Records from a data collection
++++++++++

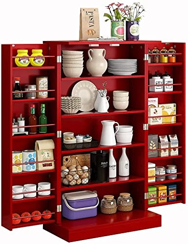 - [Ample Space] This kitchen pantry measuring 41″ H x 23.2″ W x 12″ D, features two cabinets that are open to reveal four center shelves and 12 pockets along with the interior doors, which add extra storage and create an organized kitchen.
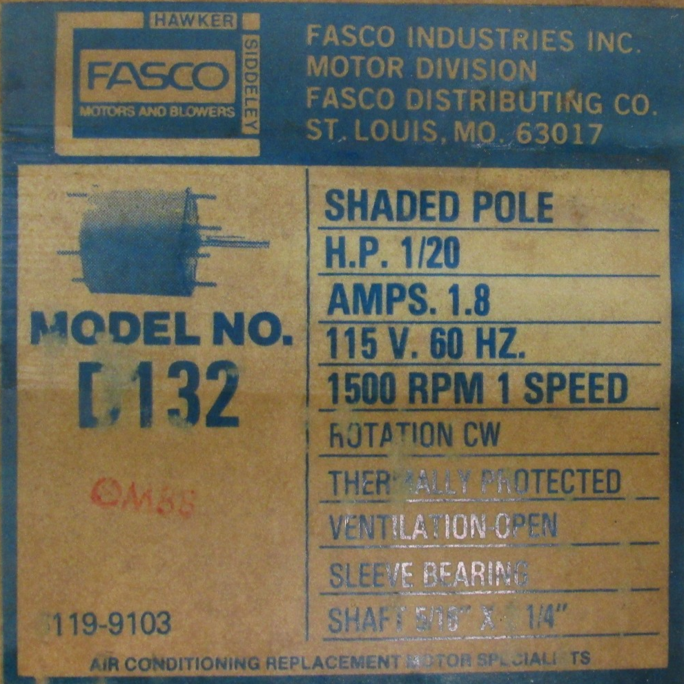 NEW FASCO D132 MOTOR 1/20HP 1500RPM 115V$60.00 Out of stock SKU: 357464570945 Category: Other Description Additional information Description NEW FASCO D132 MOTOR 1/20HP 1500RPM 115V B3/152 BB Additional information Weight 4.00 lbs Brand Fasco MPN D132 Country/Region of Manufacture United States We Buy New and Used Surplus Inventory - Sell to Us
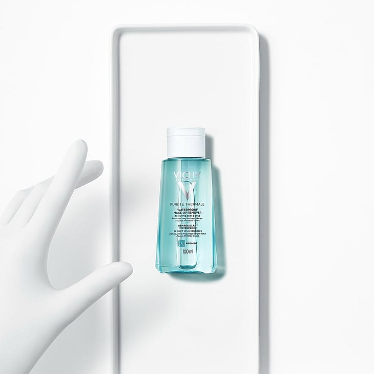 Pureté Thermale vattenfast ögonmakeupborttagare har en lätt tvåfasformula som tar bort hållbar och vattenfast makeup från ögon och läppar. Innehåller Vichys vulkaniska vatten och arginin, en aminosyra. Formulan hjälper till att skydda ögonfransarna och lugna det känsliga ögonområdet. Lämplig för känsliga ögon och kontaktlinsbärare. Testat under oftalmologisk kontroll. Hypoallergen.
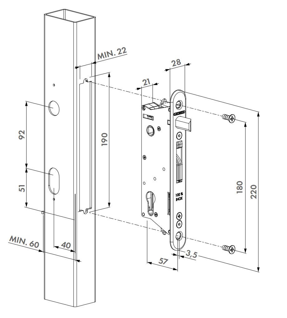 - Backset 40 mm, for mounting in profiles of 60 mm of depth or more
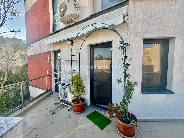 Studioul este semidecomandat format din bucatarie+living, dormitor, baie cu geam si o terasa de 18 mp.
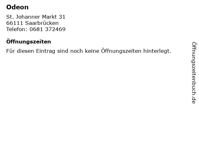 | Öffnungszeiten Odeon in Saarbrücken anzeigen | |
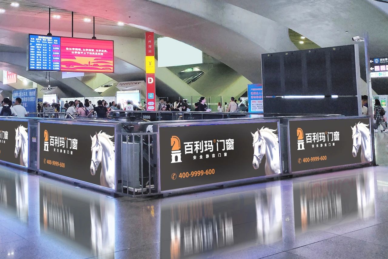 广州南站是中国高铁客流第一站,大湾区核心枢纽,全国“八纵八横”核心站之一。作为世界级综合交通枢纽,百利玛门窗通过高铁、机场等核心传播平台,增强「安全静音门窗」的品牌理念宣传,实现产品价值和巨量流量双渗透,持续扩大品牌影响力。
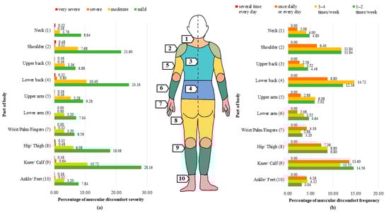 The percentages of (a) severity and (b) frequency of muscular discomfort classified according to parts of the body.
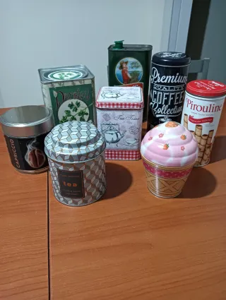 Set di8 scatole di latta decorative, perfette per conservare oggetti o come elementi d'arredo. - Scatola verde con immagine di bambina e scritta Olio. - Scatola quadrata Tea Time con motivo a scacchi rossi. - Scatola cilindrica con disegno geometrico grigio e bianco. - Scatola a forma di cono gelato rosa con fragole. - Scatola nera Premium Coffee con scritte bianche. - Scatola cilindrica Pirouline con wafer. - Scatola quadrata con disegno floreale verde e bianco.
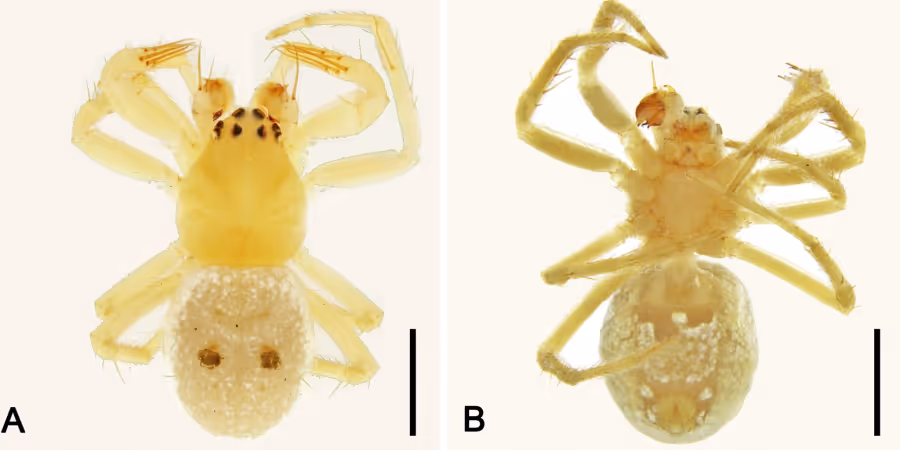 Spinnen der Familie Araneidae sind dafür bekannt, dass sie kugelförmige Netze bauen. Die neue Gattung unterscheidet sich von anderen Gruppen der Familie durch zwei dunkle Flecken auf dem Körper und durch typische Haare auf dem ersten Beinpaar der Männchen.
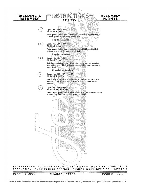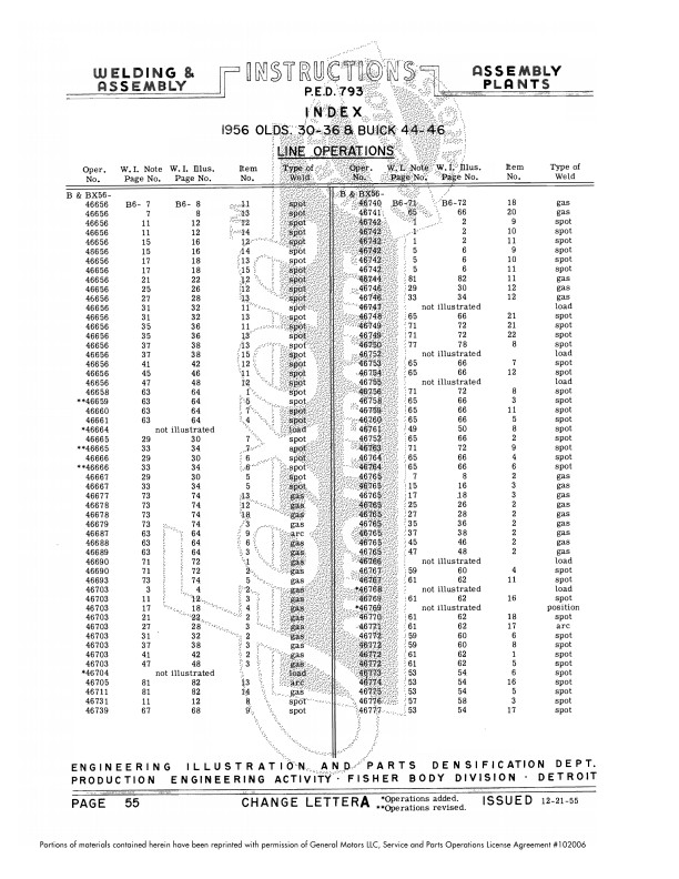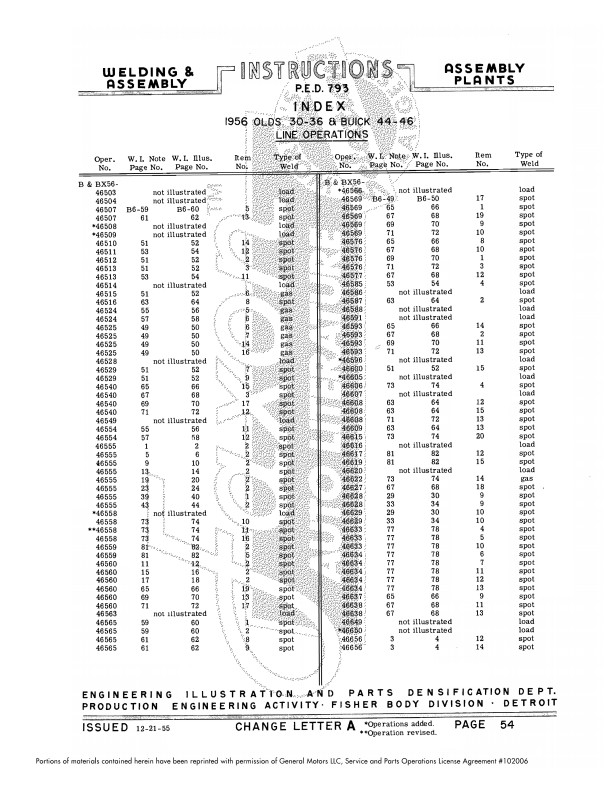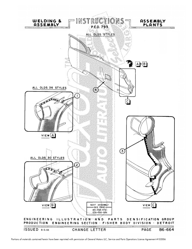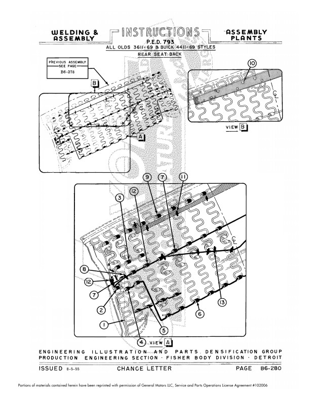 This assembly manual is unlike anything you've ever seen. This Fisher body plant assembly manual shows how metal body parts are welded together - it shows the location of hundreds of welds.  It’s helpful for hidden welds holding up parts you might need to remove and replace.  If you’re replacing parts due to rust, you’ll find out how to replace mounting parts that have rusted away.  The book is particularly useful if the car has had damage from a wreck.  You learn the specific type of weld (stitch, gas, seam, etc.) that was originally used in each location.
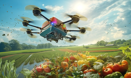 A modern drone with four rotors, gracefully carrying a netted bag filled with an assortment of colorful vegetables, hovering over a vibrant agricultural field. in the style of environmental awareness
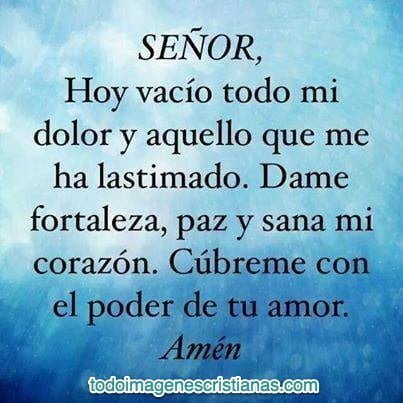 SEÑOR, hoy vacío todo mi dolor y aquello que me ha lastimado. Dame fortaleza, paz y sana mi corazón. Cúbreme con el poder de tu amor. Esa hermosa oración se las dejamos para que descarguen la imagen y la compartan con todos sus amigos en facebook así les desean que el Señor los cubra con su amor.
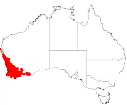 It is native to an area in the Wheatbelt, Goldfields-Esperance and Great Southern regions of Western Australia[3] with the bulk of the population found south west of a line from Kalbarri to Esperance.[4] The plant is found in a range of habitat including in seasonally damp areas, in and around swamps, on flats and coastal dunes an can grow in a variety of soils.[3]
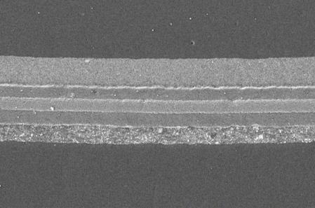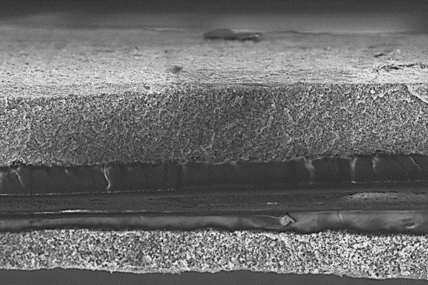 未勢能源開發(fā)了批量化截面制備技術(shù)。將多片大小一致的MEA樣品并排置于模具中,兩端固定,倒入特定比例的快速固化樹脂液和固化劑,真空消泡后,利用紫外光固化,快速得到不含氣泡的堅硬樹脂塊。利用自動磨拋機,選擇不同目數(shù)的砂紙打磨直到露出樣品面后,獲得光滑平整截面(圖5),此種方法特別適合大批量的樣品,極大的節(jié)省制樣時間,縮短測試周期,提高測試效率。并且由圖6可以看出,制備后的截面各部分分層清晰,保留了MEA材料的本征形貌。
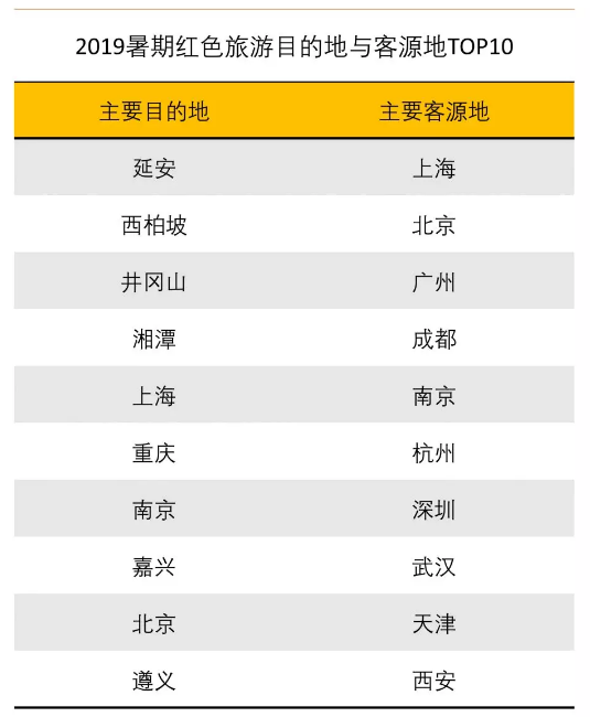 大型OTA的數(shù)據(jù)顯示,僅2019年暑假,預(yù)計(jì)即有超過1億人次選擇紅色旅游。主要目的地為延安、西柏坡、井岡山、湘潭、上海、重慶、南京、北京等地。主要客源地則為上海、北京、廣州、成都、南京、杭州、深圳、武漢、天津、西安等地。
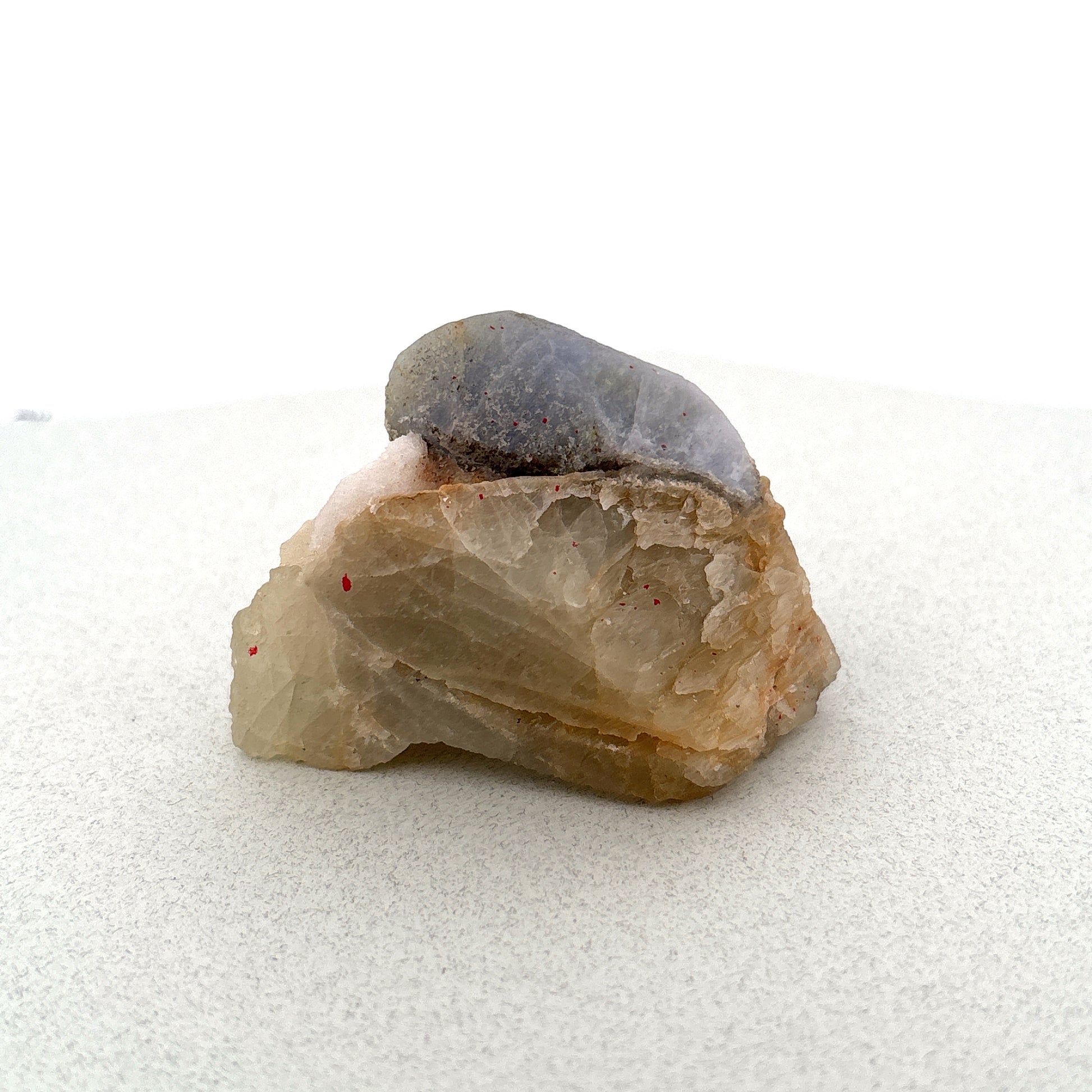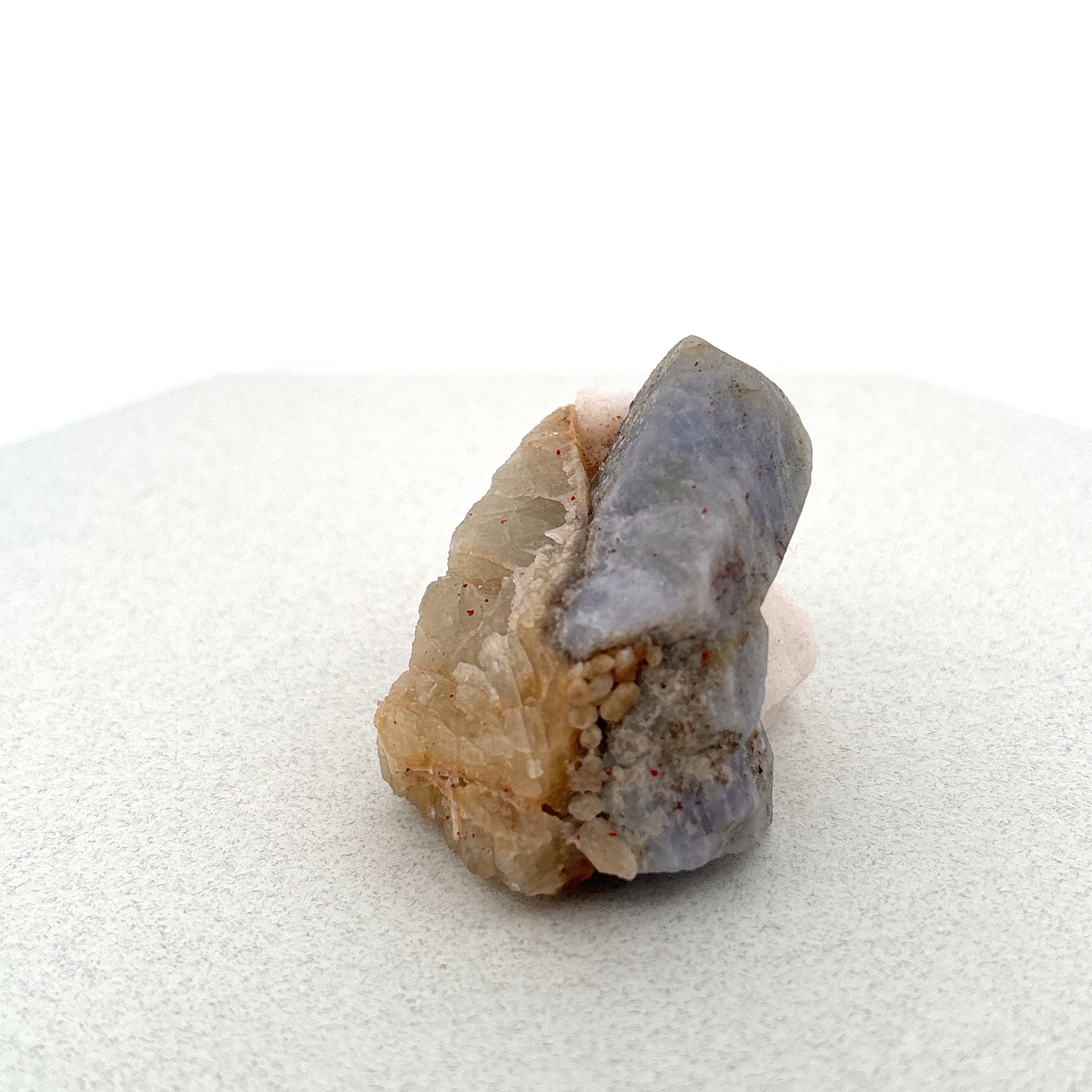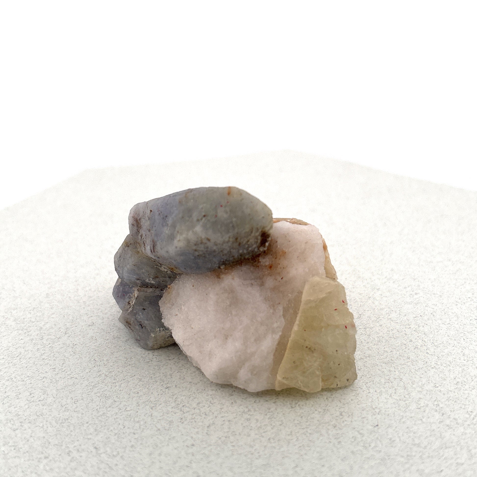 Fluorescent Hackmanite & Calcite on Quartz, Pakistan, 85.13gr

++++++++++

■ BRIEF ■
All of the data is to be transcribed exactly, with images omitted.

■ TASK RESPONSE ■
 - [Ample Space] This kitchen pantry measuring 41″ H x 23.2″ W x 12″ D, features two cabinets that are open to reveal four center shelves and 12 pockets along with the interior doors, which add extra storage and create an organized kitchen.
 NEW FASCO D132 MOTOR 1/20HP 1500RPM 115V$60.00 Out of stock SKU: 357464570945 Category: Other Description Additional information Description NEW FASCO D132 MOTOR 1/20HP 1500RPM 115V B3/152 BB Additional information Weight 4.00 lbs Brand Fasco MPN D132 Country/Region of Manufacture United States We Buy New and Used Surplus Inventory - Sell to Us
 Pureté Thermale vattenfast ögonmakeupborttagare har en lätt tvåfasformula som tar bort hållbar och vattenfast makeup från ögon och läppar. Innehåller Vichys vulkaniska vatten och arginin, en aminosyra. Formulan hjälper till att skydda ögonfransarna och lugna det känsliga ögonområdet. Lämplig för känsliga ögon och kontaktlinsbärare. Testat under oftalmologisk kontroll. Hypoallergen.
 - Backset 40 mm, for mounting in profiles of 60 mm of depth or more
 Studioul este semidecomandat format din bucatarie+living, dormitor, baie cu geam si o terasa de 18 mp.
 | Öffnungszeiten Odeon in Saarbrücken anzeigen | |
 广州南站是中国高铁客流第一站,大湾区核心枢纽,全国“八纵八横”核心站之一。作为世界级综合交通枢纽,百利玛门窗通过高铁、机场等核心传播平台,增强「安全静音门窗」的品牌理念宣传,实现产品价值和巨量流量双渗透,持续扩大品牌影响力。
 The percentages of (a) severity and (b) frequency of muscular discomfort classified according to parts of the body.
 Set di8 scatole di latta decorative, perfette per conservare oggetti o come elementi d'arredo. - Scatola verde con immagine di bambina e scritta Olio. - Scatola quadrata Tea Time con motivo a scacchi rossi. - Scatola cilindrica con disegno geometrico grigio e bianco. - Scatola a forma di cono gelato rosa con fragole. - Scatola nera Premium Coffee con scritte bianche. - Scatola cilindrica Pirouline con wafer. - Scatola quadrata con disegno floreale verde e bianco.
 Spinnen der Familie Araneidae sind dafür bekannt, dass sie kugelförmige Netze bauen. Die neue Gattung unterscheidet sich von anderen Gruppen der Familie durch zwei dunkle Flecken auf dem Körper und durch typische Haare auf dem ersten Beinpaar der Männchen.
 This assembly manual is unlike anything you've ever seen. This Fisher body plant assembly manual shows how metal body parts are welded together - it shows the location of hundreds of welds.  It’s helpful for hidden welds holding up parts you might need to remove and replace.  If you’re replacing parts due to rust, you’ll find out how to replace mounting parts that have rusted away.  The book is particularly useful if the car has had damage from a wreck.  You learn the specific type of weld (stitch, gas, seam, etc.) that was originally used in each location.
 A modern drone with four rotors, gracefully carrying a netted bag filled with an assortment of colorful vegetables, hovering over a vibrant agricultural field. in the style of environmental awareness
 SEÑOR, hoy vacío todo mi dolor y aquello que me ha lastimado. Dame fortaleza, paz y sana mi corazón. Cúbreme con el poder de tu amor. Esa hermosa oración se las dejamos para que descarguen la imagen y la compartan con todos sus amigos en facebook así les desean que el Señor los cubra con su amor.
 It is native to an area in the Wheatbelt, Goldfields-Esperance and Great Southern regions of Western Australia[3] with the bulk of the population found south west of a line from Kalbarri to Esperance.[4] The plant is found in a range of habitat including in seasonally damp areas, in and around swamps, on flats and coastal dunes an can grow in a variety of soils.[3]
 未勢能源開發(fā)了批量化截面制備技術(shù)。將多片大小一致的MEA樣品并排置于模具中,兩端固定,倒入特定比例的快速固化樹脂液和固化劑,真空消泡后,利用紫外光固化,快速得到不含氣泡的堅硬樹脂塊。利用自動磨拋機,選擇不同目數(shù)的砂紙打磨直到露出樣品面后,獲得光滑平整截面(圖5),此種方法特別適合大批量的樣品,極大的節(jié)省制樣時間,縮短測試周期,提高測試效率。并且由圖6可以看出,制備后的截面各部分分層清晰,保留了MEA材料的本征形貌。
 大型OTA的數(shù)據(jù)顯示,僅2019年暑假,預(yù)計(jì)即有超過1億人次選擇紅色旅游。主要目的地為延安、西柏坡、井岡山、湘潭、上海、重慶、南京、北京等地。主要客源地則為上海、北京、廣州、成都、南京、杭州、深圳、武漢、天津、西安等地。
 Fluorescent Hackmanite & Calcite on Quartz, Pakistan, 85.13gr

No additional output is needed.